Neither do I think that it could be said to have been a failure, or dry hole, until reasonably sufficient tests had been made including the usual course of sidetracking and trying to find the sand in another hole. The circumstances that the defendant reported the well to the department of conservation as completed on July 10th, moved its drilling machinery off, and turned it over to the production foreman are, of course, very significant as indicating what it thought the facts to be; but, granting even that every one thought it a completed, producing well at that time, I do not believe this would be conclusive, when we revert back to the primary purpose of both parties in entering into the contract, and that was to have each hole produce oil in the largest possible quantities. Certainly all reasonably necessary efforts should have been made to that end. The nature and extent of those efforts were, by the terms of the contract quoted above, left to the discretion of the defendant, and there is not the slightest suggestion of fraud or bad faith on its part. Of course, issues such as this require that each case shall be determined upon its own peculiar facts. As indicated hereinabove, it would be entirely possible to complete a well within the reasonable meaning of that term, and then have it spoiled by some unexpected catastrophe; but in no event do I think that it could be said to be completed when it had not produced oil in paying quantities in the sense and to the extent shown by the facts in this case.
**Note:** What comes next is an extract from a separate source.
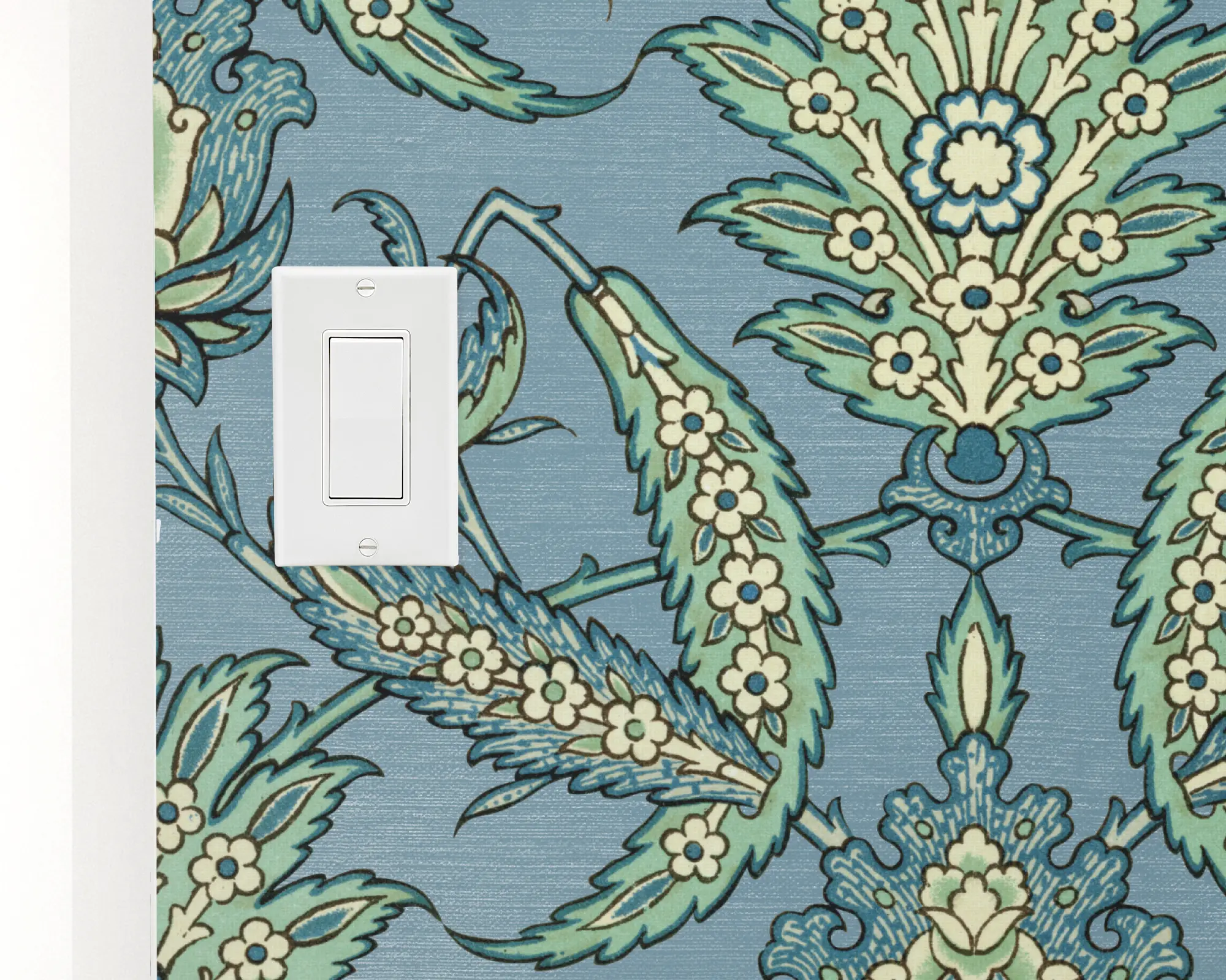 Create an enchantingly antique look with our Classic Arabesque Peel and Stick Removable Wallpaper. This stunning design features a traditional motif of botanicals over a light blue background. Customizable with any of our colors and paper types, this wallpaper is perfect for any grand millennial or vintage style.

My conclusion is that, at the time of filing this suit, well No. 13 on lot 116 of the lease had not been completed within the meaning of the contract, either as a paying oil well or as a dry hole, and that there is therefore no sufficient basis to declare the lease forfeited upon the remaining lots. Uncle Sam Oil Company v. Richards, 76 Okla. 277, 184 P. 575; California Well Drilling Company v. California Midway Oil Co., 178 Cal. 337, 177 P. 852.
For the reasons stated, the demand of plaintiffs is rejected, at their costs.